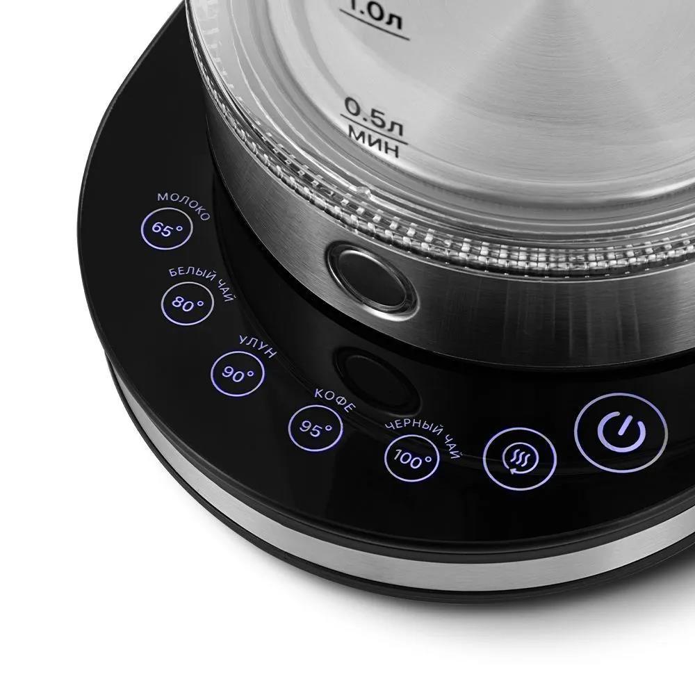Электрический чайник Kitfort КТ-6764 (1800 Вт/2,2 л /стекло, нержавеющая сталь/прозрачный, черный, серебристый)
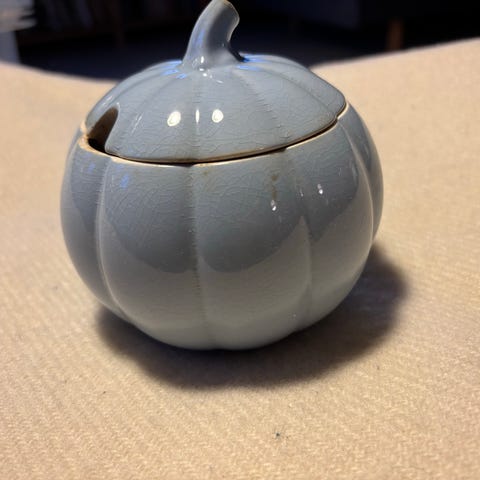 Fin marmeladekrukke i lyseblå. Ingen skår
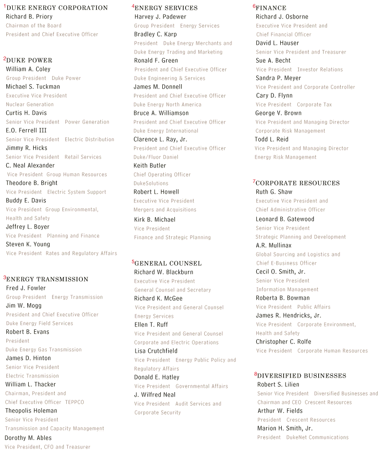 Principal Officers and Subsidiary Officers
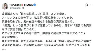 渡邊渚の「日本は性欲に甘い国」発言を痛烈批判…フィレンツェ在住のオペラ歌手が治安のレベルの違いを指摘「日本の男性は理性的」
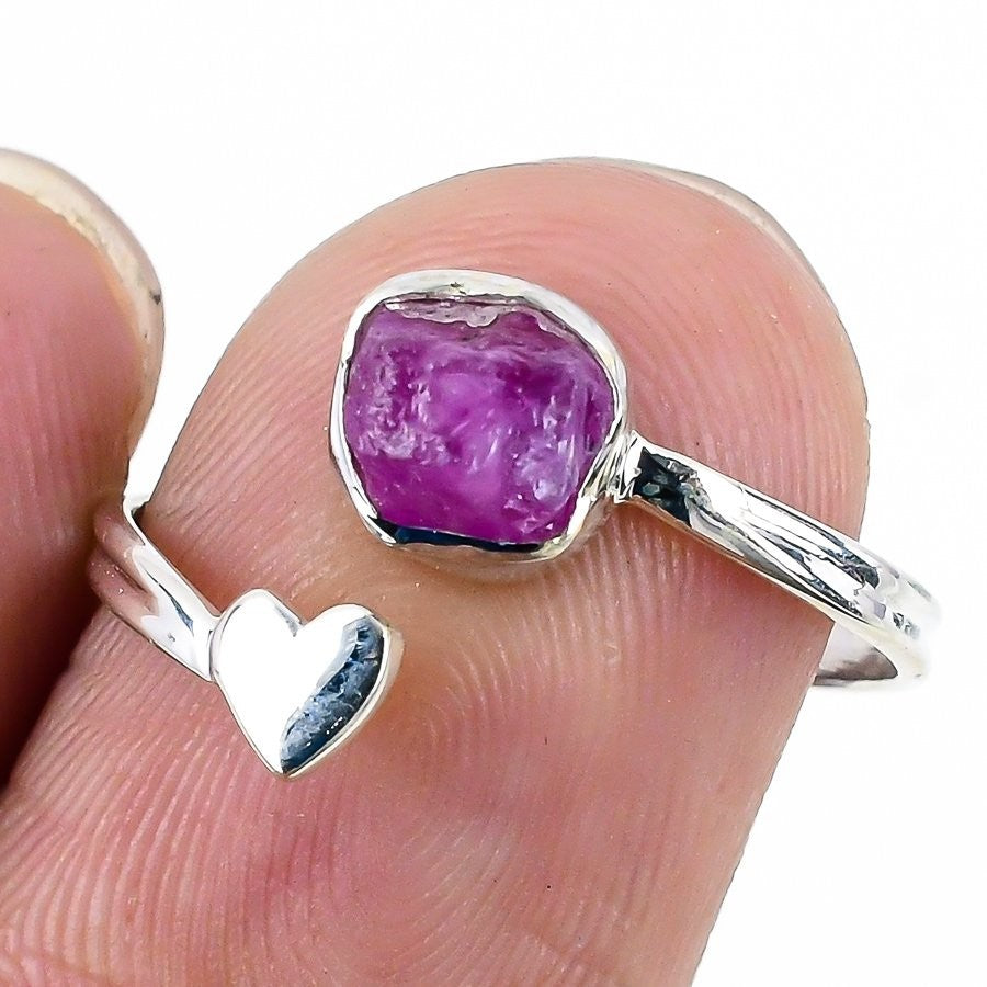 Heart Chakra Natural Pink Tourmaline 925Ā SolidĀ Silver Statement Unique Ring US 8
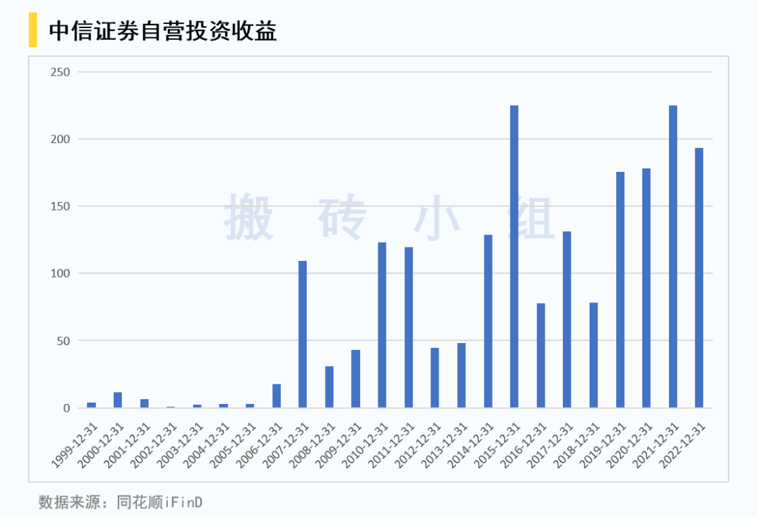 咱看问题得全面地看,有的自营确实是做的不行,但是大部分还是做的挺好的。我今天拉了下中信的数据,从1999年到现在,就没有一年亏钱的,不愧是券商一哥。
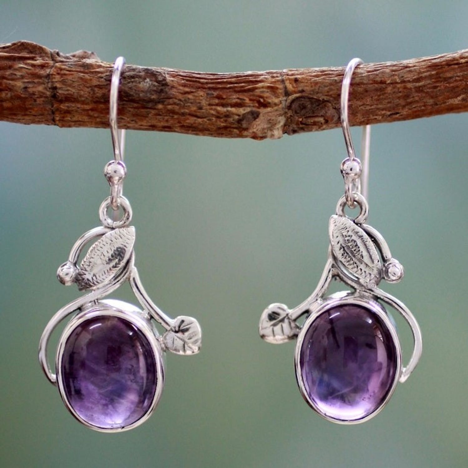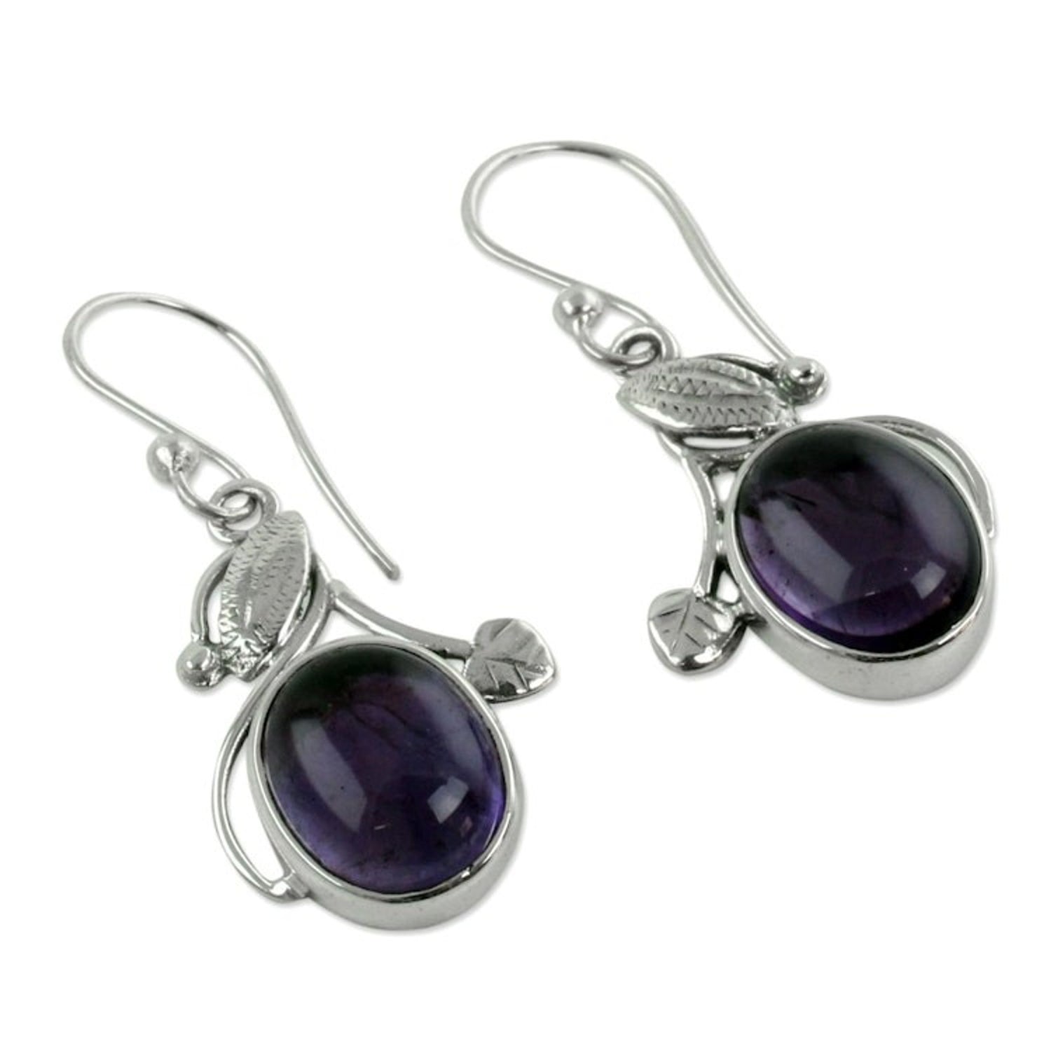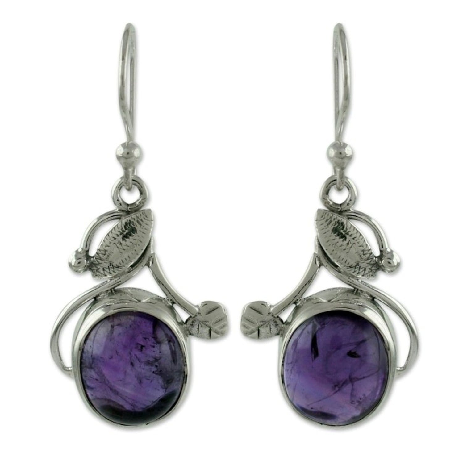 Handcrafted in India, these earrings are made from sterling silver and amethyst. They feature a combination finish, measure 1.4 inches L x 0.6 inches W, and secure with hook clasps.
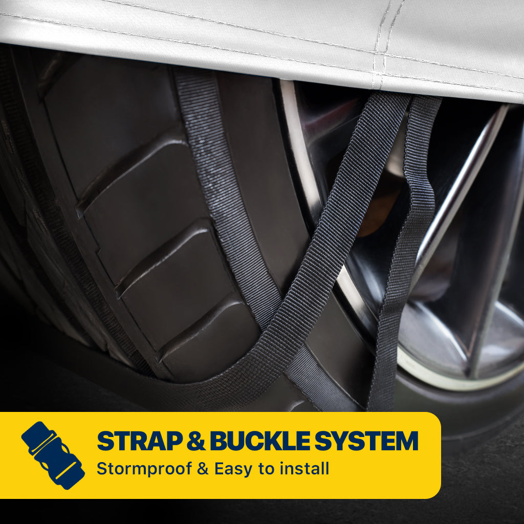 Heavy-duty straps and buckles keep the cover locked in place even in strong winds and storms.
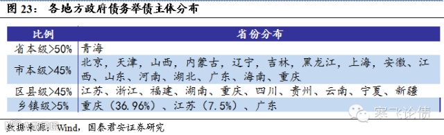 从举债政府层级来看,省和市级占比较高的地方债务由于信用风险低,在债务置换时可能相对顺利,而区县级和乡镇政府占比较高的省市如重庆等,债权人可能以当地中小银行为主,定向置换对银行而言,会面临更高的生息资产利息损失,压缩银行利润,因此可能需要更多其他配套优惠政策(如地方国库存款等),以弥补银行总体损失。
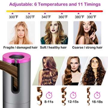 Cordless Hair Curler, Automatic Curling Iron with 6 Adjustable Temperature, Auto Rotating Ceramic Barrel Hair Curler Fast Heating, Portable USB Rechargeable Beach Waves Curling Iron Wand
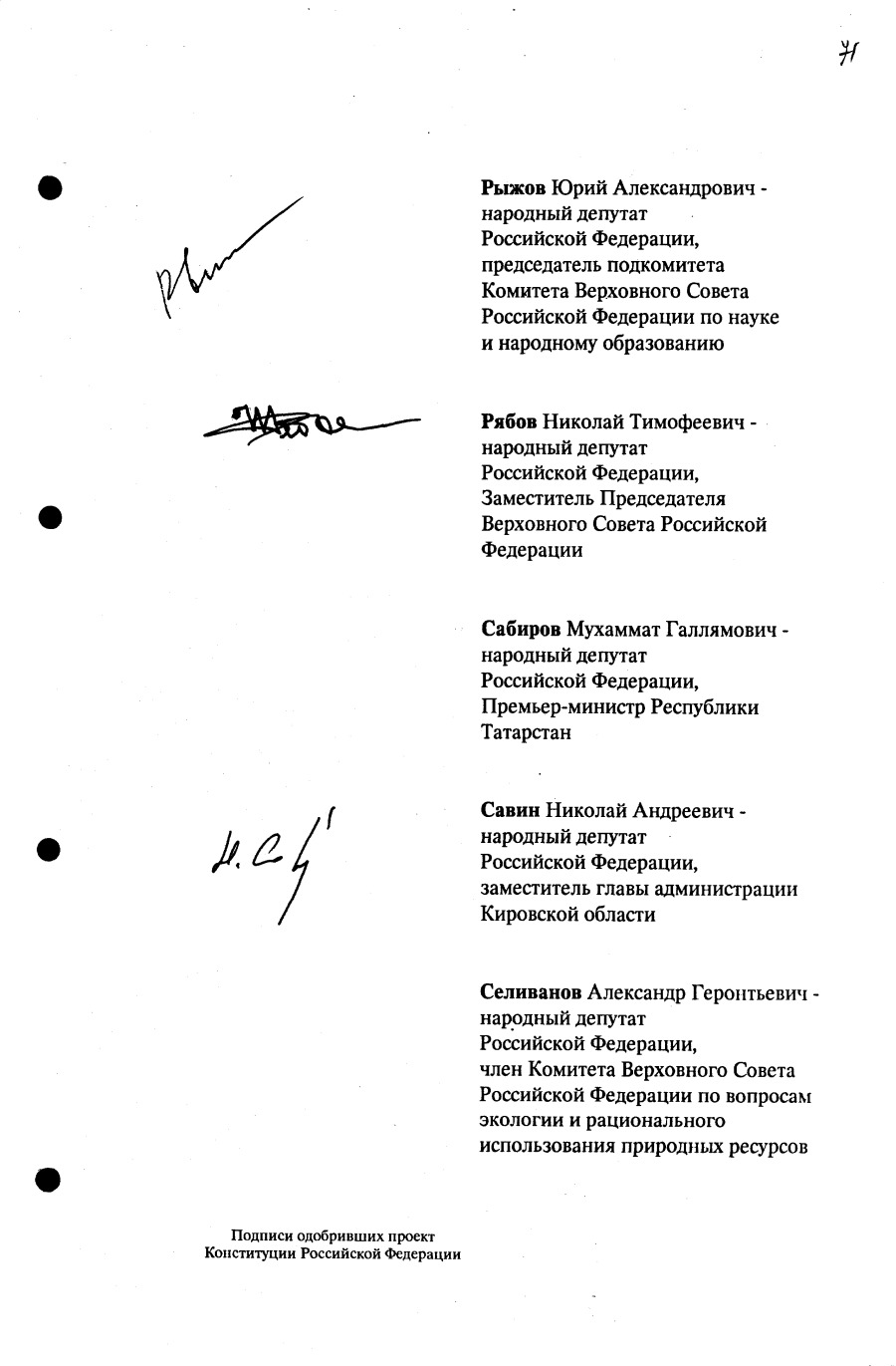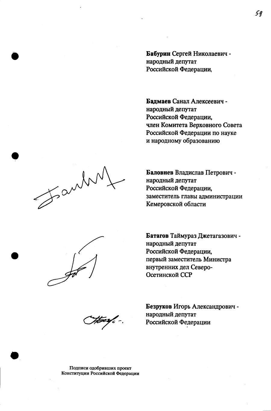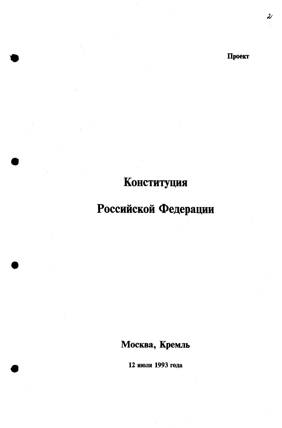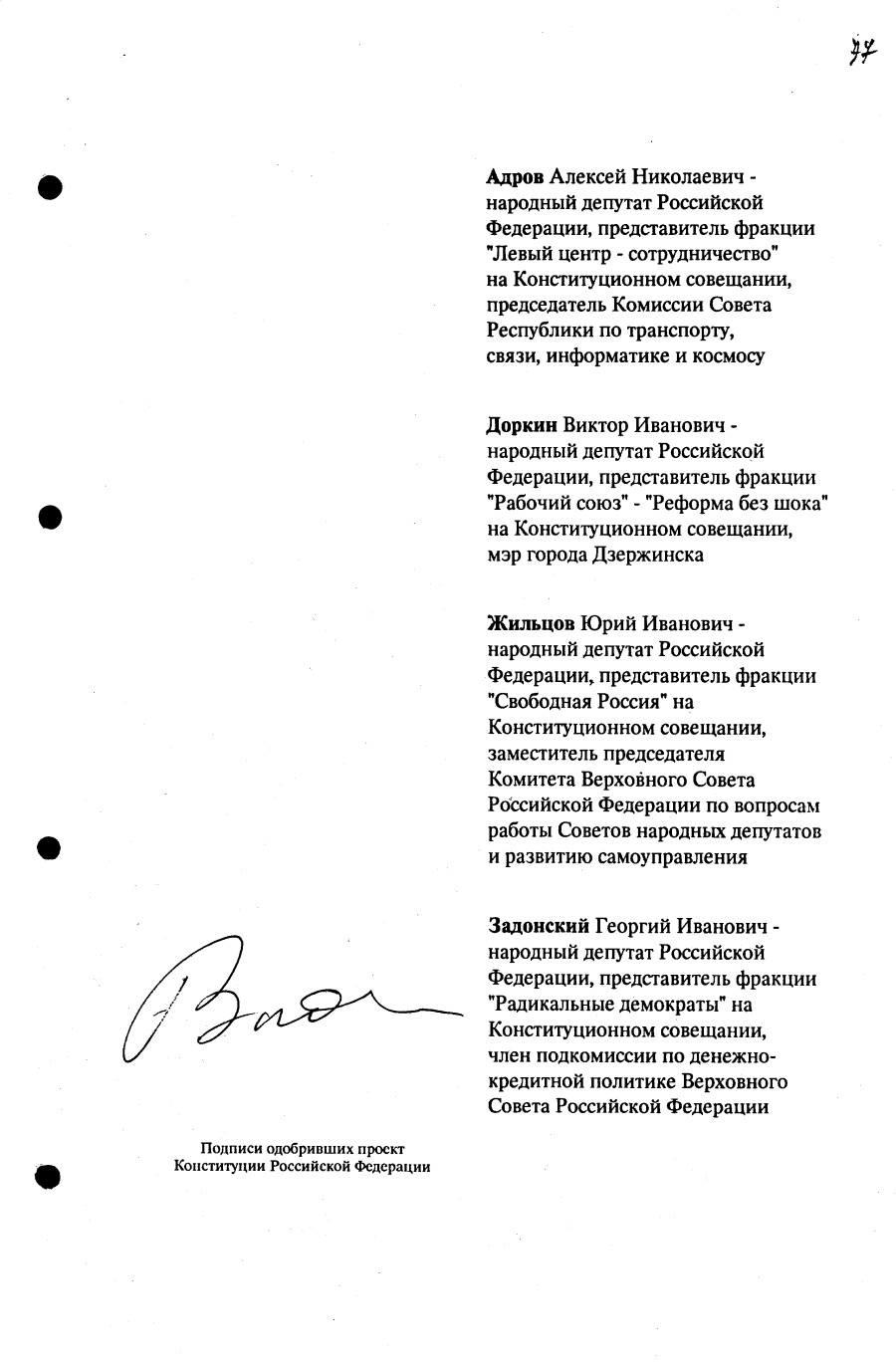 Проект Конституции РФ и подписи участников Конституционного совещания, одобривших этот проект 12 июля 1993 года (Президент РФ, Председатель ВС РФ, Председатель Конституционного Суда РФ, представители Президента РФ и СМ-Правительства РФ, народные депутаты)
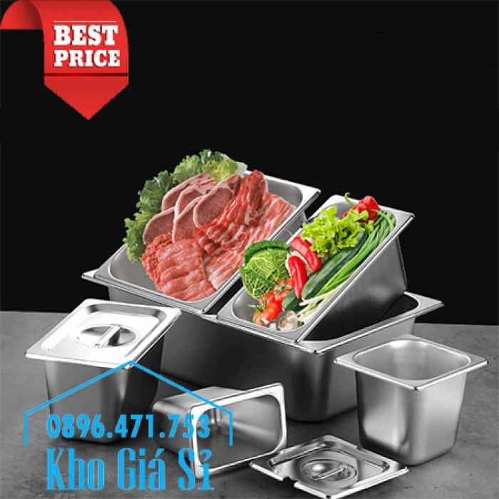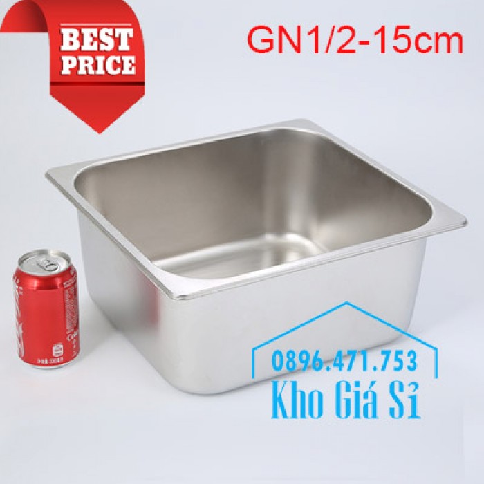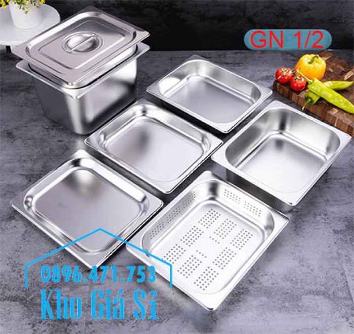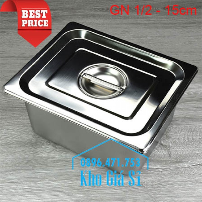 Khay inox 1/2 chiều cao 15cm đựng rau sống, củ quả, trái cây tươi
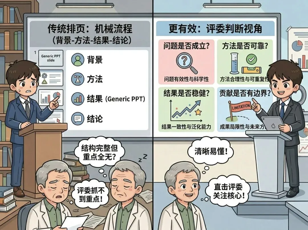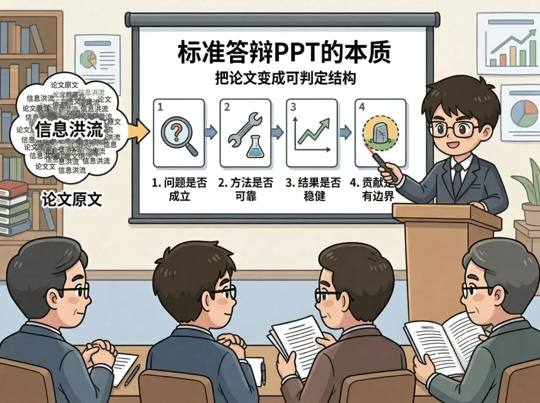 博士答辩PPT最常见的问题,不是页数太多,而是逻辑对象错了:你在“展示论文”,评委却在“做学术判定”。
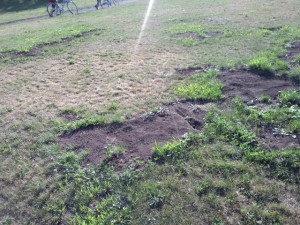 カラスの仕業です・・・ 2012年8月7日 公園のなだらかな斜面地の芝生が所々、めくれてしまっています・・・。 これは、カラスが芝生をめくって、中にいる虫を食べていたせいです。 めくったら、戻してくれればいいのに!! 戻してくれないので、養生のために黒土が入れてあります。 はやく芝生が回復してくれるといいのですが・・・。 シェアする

========================

Work order
Reproduce the listing above from the line that holds "咱看问题得全面地看,有的自营" through the line that holds "Heavy-duty straps and", both included, with the pictures left out.

Solution to this problem
 咱看问题得全面地看,有的自营确实是做的不行,但是大部分还是做的挺好的。我今天拉了下中信的数据,从1999年到现在,就没有一年亏钱的,不愧是券商一哥。
 Handcrafted in India, these earrings are made from sterling silver and amethyst. They feature a combination finish, measure 1.4 inches L x 0.6 inches W, and secure with hook clasps.
 Heavy-duty straps and buckles keep the cover locked in place even in strong winds and storms.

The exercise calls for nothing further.